• WHAT YOU NEED TO DO
When you reach the line containing "Here's an M4A3(75)W", begin reproducing the lines exactly and continue through the end of the listing, leaving out the pictures.

%%

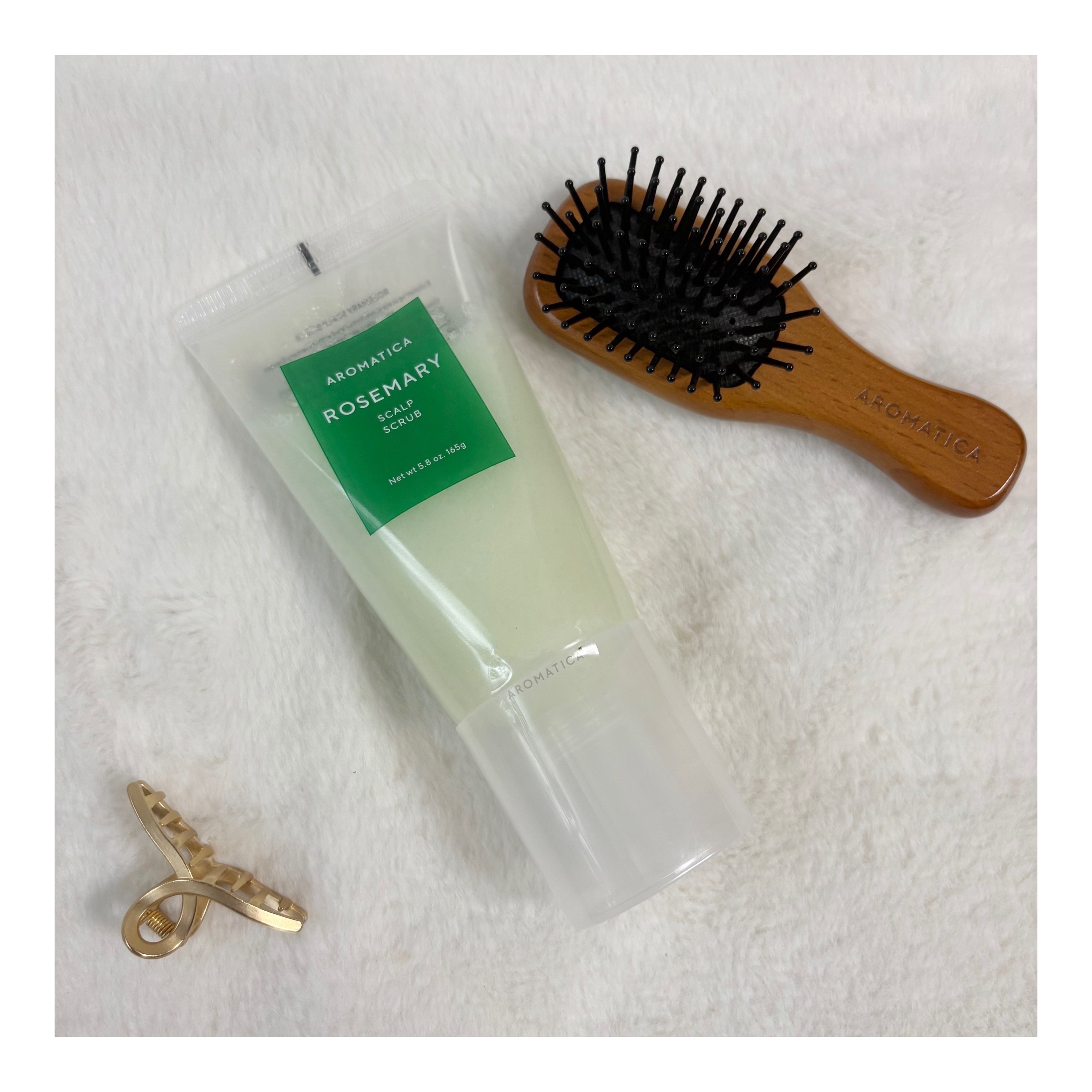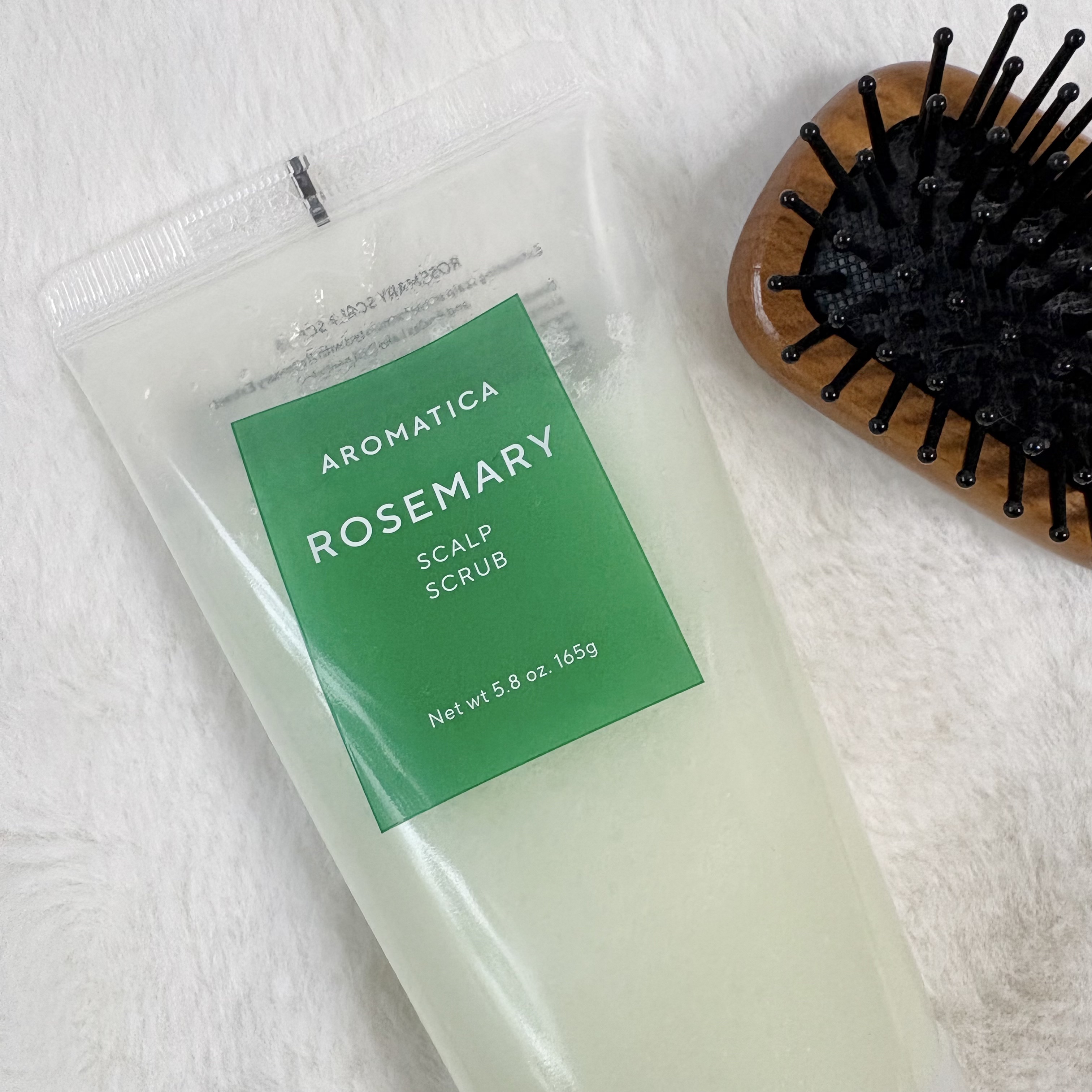 AROMATICAROSEMARYSCALPSCRUB頭皮専用のスクラブ!頭皮専用の塩スクラブ配合で、頭皮をすっきり洗い上げてくれる使用感✨スクラブが出てくる部分は先細になっているので、頭皮の分け目に直接塗布しやすいのも嬉しいポイント☺️ほん...
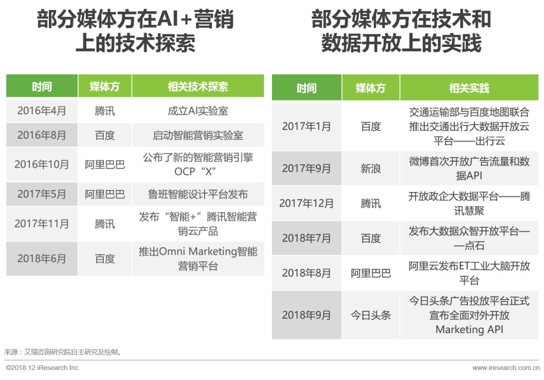 媒体方同广告主一样,拥有一手的用户网络行为数据,但由于其依托广告为主的商业化布局,决定了数据本身就是媒体方的核心资产,因此在过去通常媒体方对数据的挖掘和利用会比广告主更加深刻。而在AI+营销阶段,头部的矩阵型媒体方更加倾向于自主研发AI技术支持营销体系,一方面,媒体方本身就直接为广告主提供营销服务,拥有自己的技术平台将会进一步优化自己的服务能力,提高自身在媒体中的竞争力,因此媒体方在技术投入上的潜在收益会大过前期成本;另一方面,随着未来AI+营销的应用深化,媒体方要加大未来商业空间的想象力,那向第三方服务商等角色进行业务扩张,也是其发展战略之一。同时,媒体方在发展技术和数据的同时,也在不断尝试和探索技术和数据的合理开放共享,以打破信息孤岛,实现更大程度的大数据利用与挖掘,为行业乃至社会的发展提供支持。
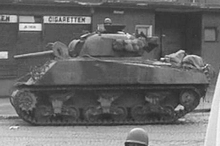 Here's an M4A3(75)W during operations in Cologne. Note the add-on armour on the turret. Also, this particular tank does not have the add-on armour on the glacis which was also seen on a number of 3rd amoured division tanks.
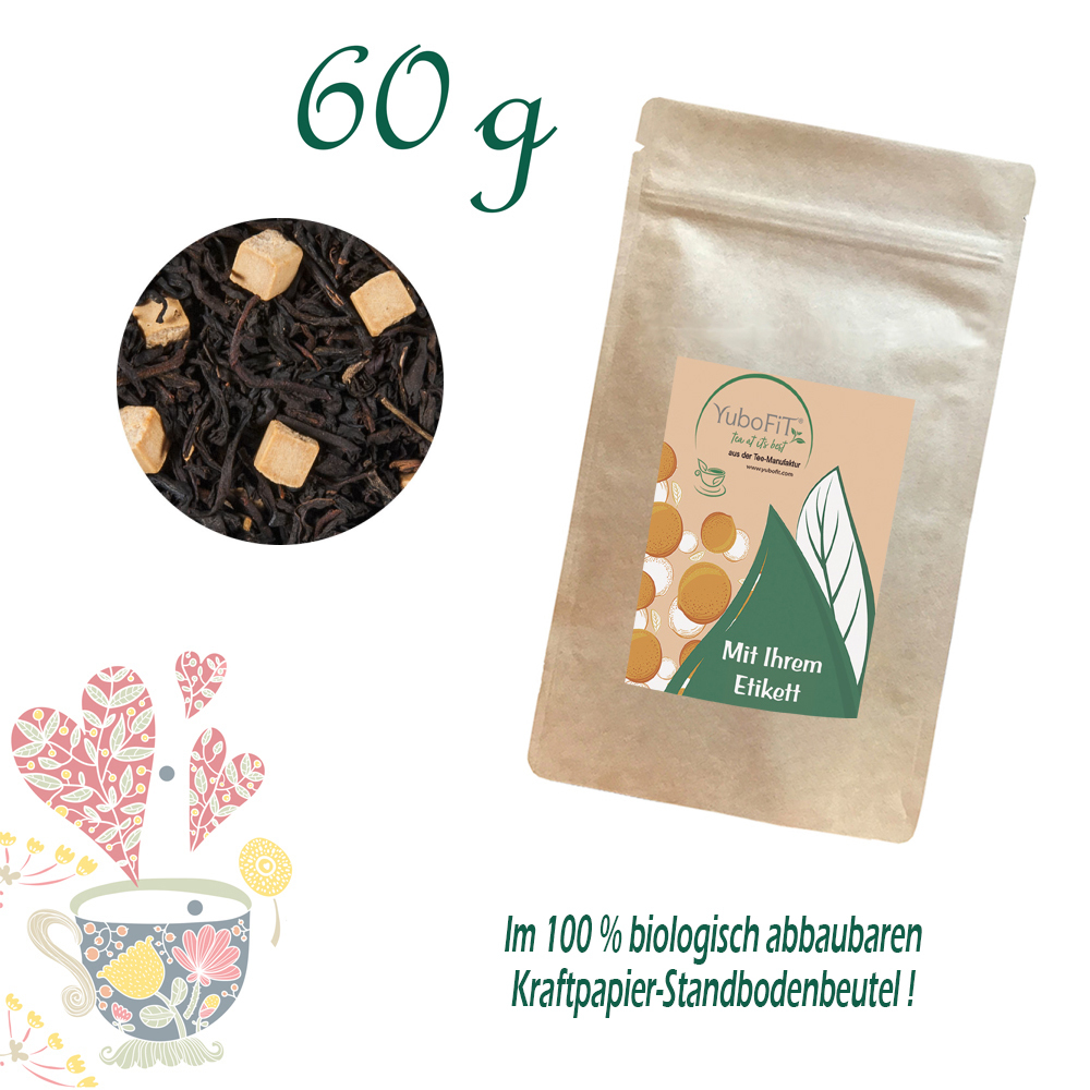 Schwarzer Tee (88 %), Karamellstücke (gezuckerte Kondensmagermilch, Zucker, Glukosesirup, Butterfett, Feuchthaltemittel: E420, Emulgator: E471) (10 %), Aromen
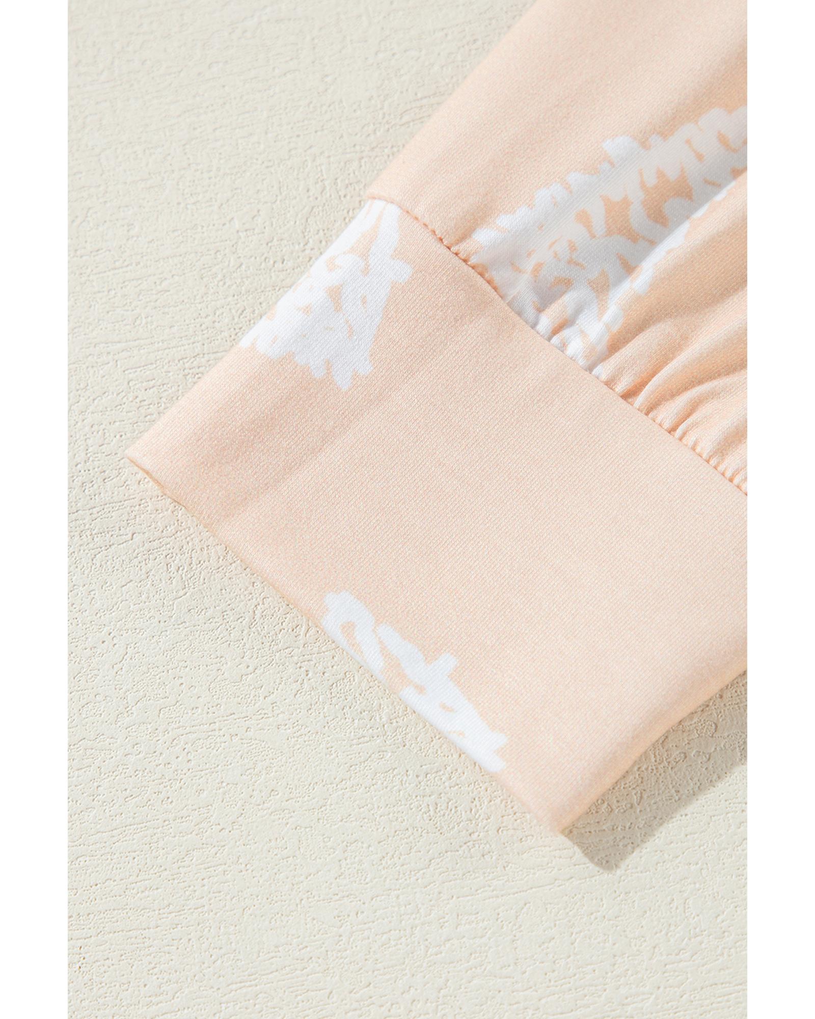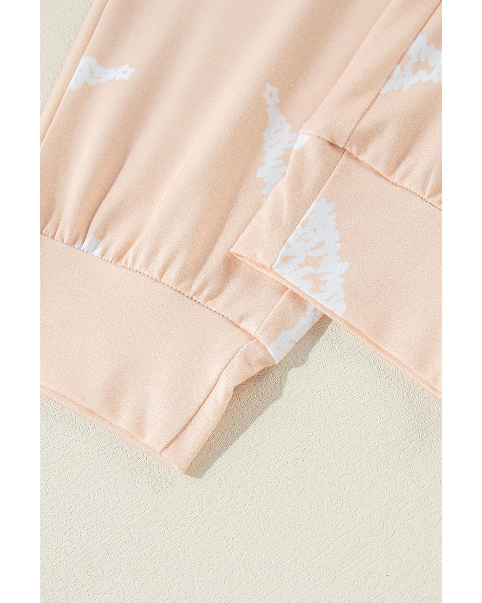 Apricot Christmas Tree Print Loose Fit Two Piece Pajama Set – XL
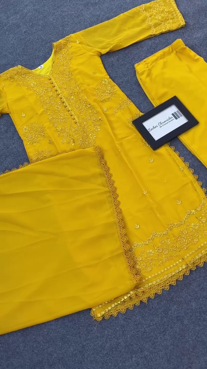 Add brightness, elegance, and effortless style to your ethnic wardrobe with this mustard yellow embroidered kurta pant set with dupatta—a beautiful ensemble that celebrates tradition, comfort, and modern sophistication in every detail.

%%

• ANSWER AREA
 Here's an M4A3(75)W during operations in Cologne. Note the add-on armour on the turret. Also, this particular tank does not have the add-on armour on the glacis which was also seen on a number of 3rd amoured division tanks.
 Schwarzer Tee (88 %), Karamellstücke (gezuckerte Kondensmagermilch, Zucker, Glukosesirup, Butterfett, Feuchthaltemittel: E420, Emulgator: E471) (10 %), Aromen
 Apricot Christmas Tree Print Loose Fit Two Piece Pajama Set – XL
 Add brightness, elegance, and effortless style to your ethnic wardrobe with this mustard yellow embroidered kurta pant set with dupatta—a beautiful ensemble that celebrates tradition, comfort, and modern sophistication in every detail.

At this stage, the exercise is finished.